Data records: Begin
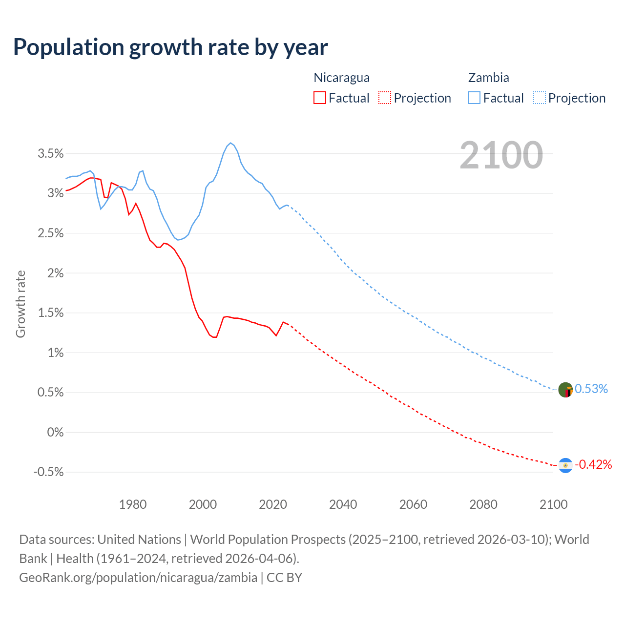 - For the last 10 years, Nicaragua has had an average growth rate of +1.33% per year vs +3% in Zambia.
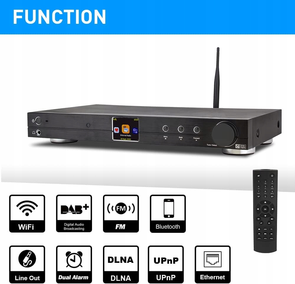 - Спеціальна функція: налаштування еквалайзера; подвійний будильник/таймер сну; кнопка включення/виключення будильника, тюнер інтернет-радіо; DAB/DAB+/FM; Bluetooth / UPnP / DLNA сумісний приймач; d… Показати більше
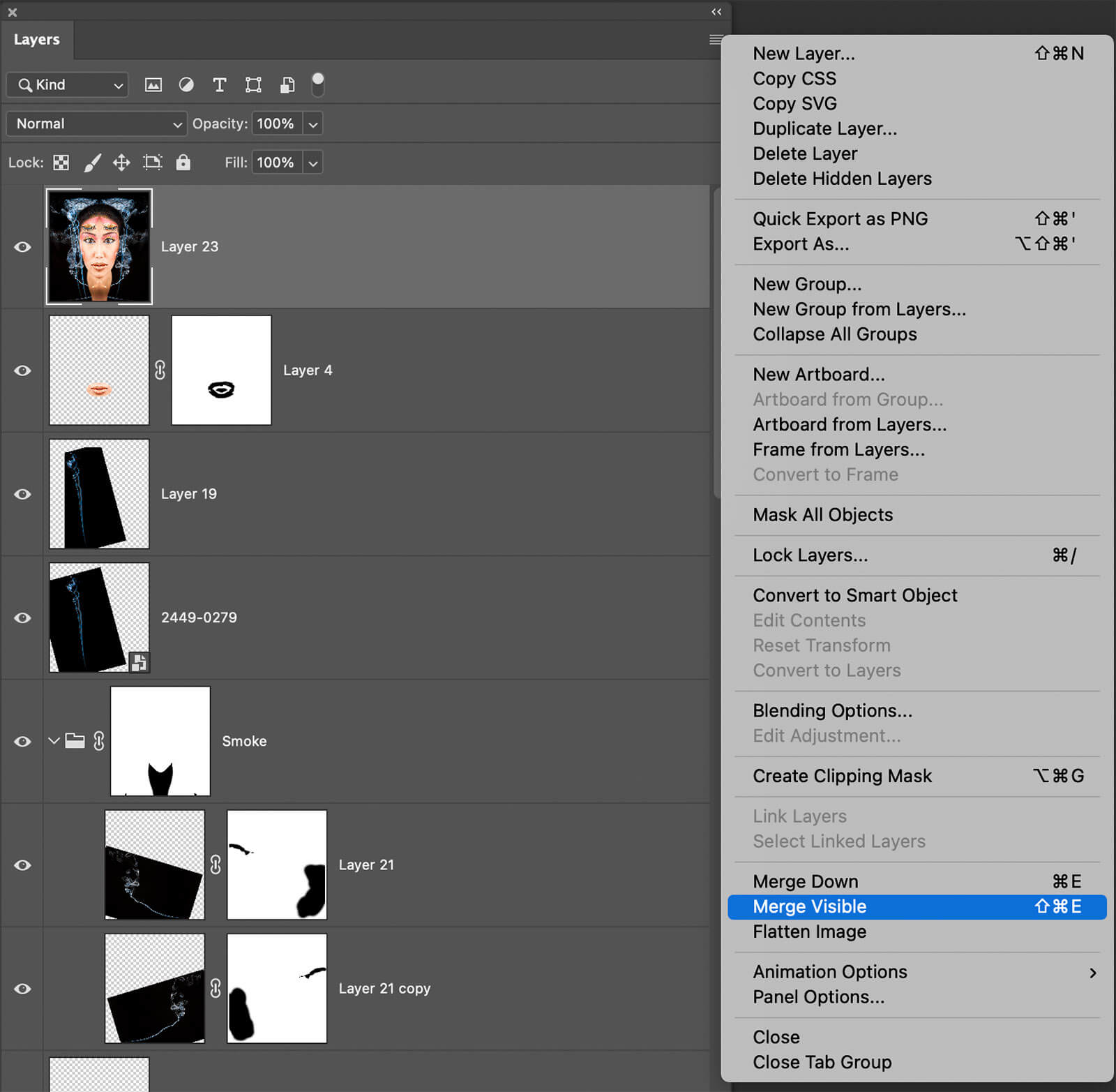 Copying all the layers below to a new one keeps all of them intact for future changes that you will eventually decide to make. You’ll be glad you learned this one. You can do this from the Layers menu by choosing Merge Visible and adding the Option (Win: Alt) key. Without Option (Win: Alt) the layers are flattened. Not good.
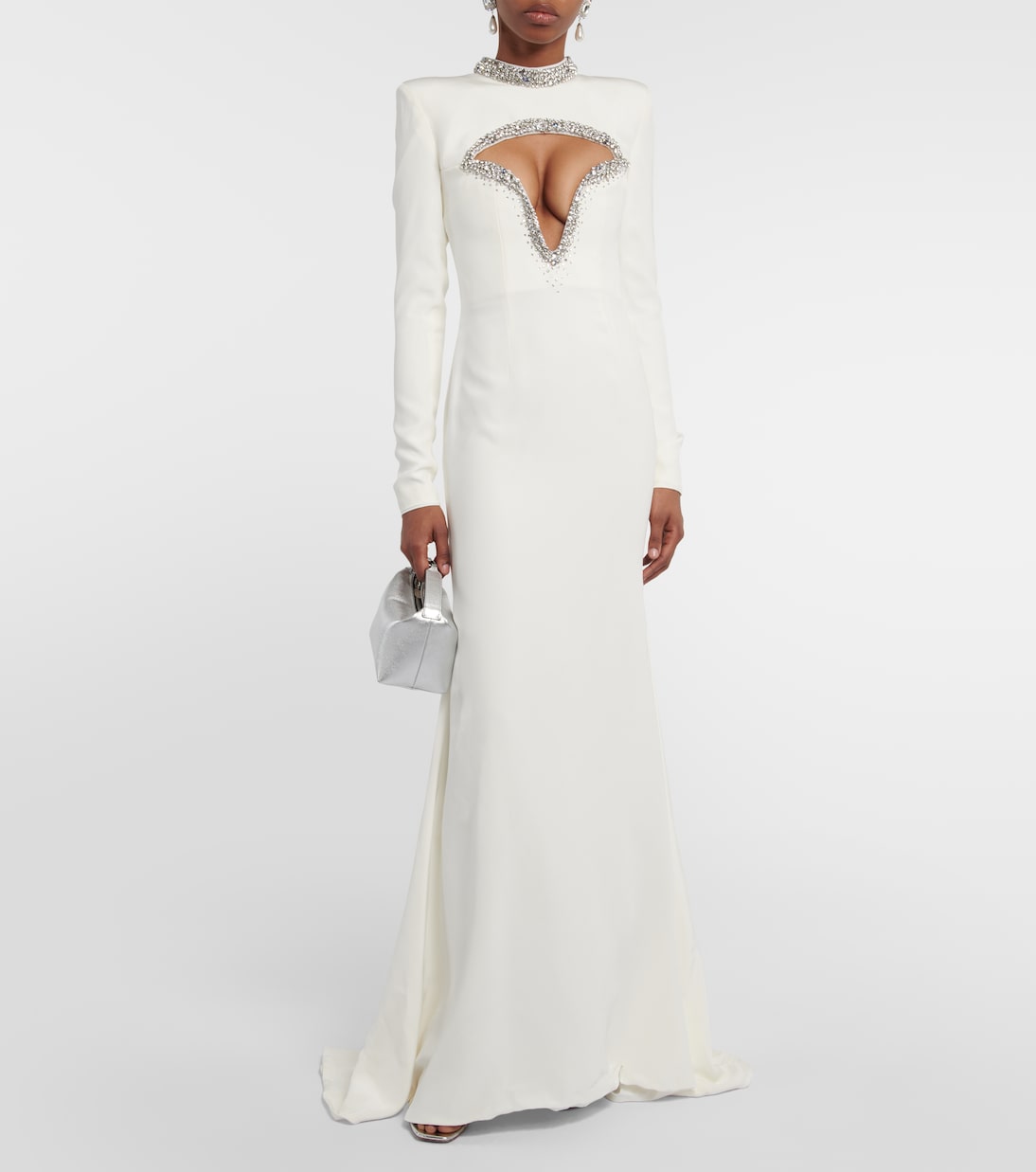 Произведения от мисс Сохи сочетают в себе вдохновляющие пейзажи причудливой фантазии и современную королевскую роскошь. Это платье из чистого шелка не является исключением благодаря своим длинным рукавам, вырезу спереди, украшенному кристаллами, и силуэту до пола.
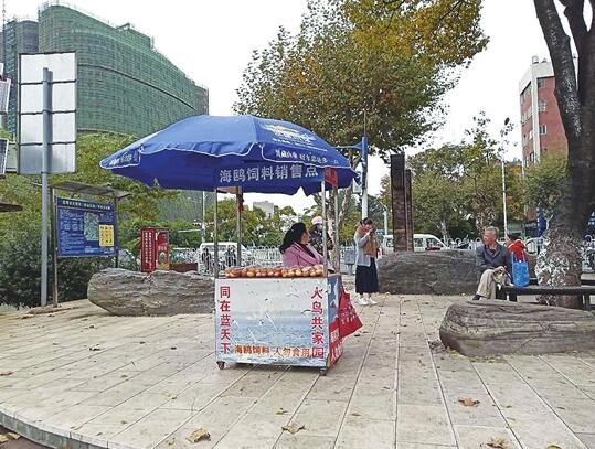 这里有两个红嘴鸥饲料销售摊点。“现在红嘴鸥还不是特别多,才来没有几天,每天中午12点左右,红嘴鸥相对多一点,喂鸥的市民也会多起来。”摊主说,他们是2日才开始摆摊的。
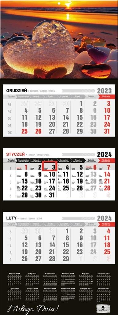 Kalendarz Trójdzielny PREMIUM Z WYPUKŁĄ GŁÓWKĄ. Format 315/810mm. Trzy komplety klasycznych kalendariów z przesuwnym okienkiem. Główka z otworem wierconym. Dodatkowo nazwy miesiąca i dni tygodnia w języku Ukraińskim, Angielskim i Niemieckim. Kalendarium dodatkowo zawiera fazy księżyca i znaki zodiaku. Dużo miejsca do notowania, czytelne duże litery i cyfry. DODATKOWO PRZEDŁUŻONE PLECKI KOLOREM DOPASOWANE DO WZORU ZE SKRÓCONYM KALENDARIUM NA ROK 2024.
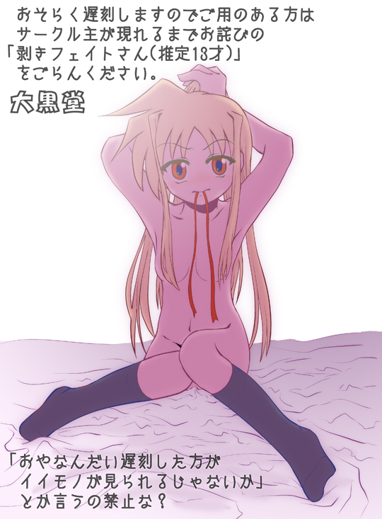 00s1girladjusting hairarms upblack socksblonde hairblushbrown eyesfemale focusfull bodykneehighsknees together feet apartlong hairlooking at viewernudesittingsockssolotext focusthighhighstying hairvery long hair
Data records: End
Transcribe exactly and only the lines from the top of the records through the line containing "Copying all the", inclusive, and do not copy the pictures.

* **Written answer**:
 - For the last 10 years, Nicaragua has had an average growth rate of +1.33% per year vs +3% in Zambia.
 - Спеціальна функція: налаштування еквалайзера; подвійний будильник/таймер сну; кнопка включення/виключення будильника, тюнер інтернет-радіо; DAB/DAB+/FM; Bluetooth / UPnP / DLNA сумісний приймач; d… Показати більше
 Copying all the layers below to a new one keeps all of them intact for future changes that you will eventually decide to make. You’ll be glad you learned this one. You can do this from the Layers menu by choosing Merge Visible and adding the Option (Win: Alt) key. Without Option (Win: Alt) the layers are flattened. Not good.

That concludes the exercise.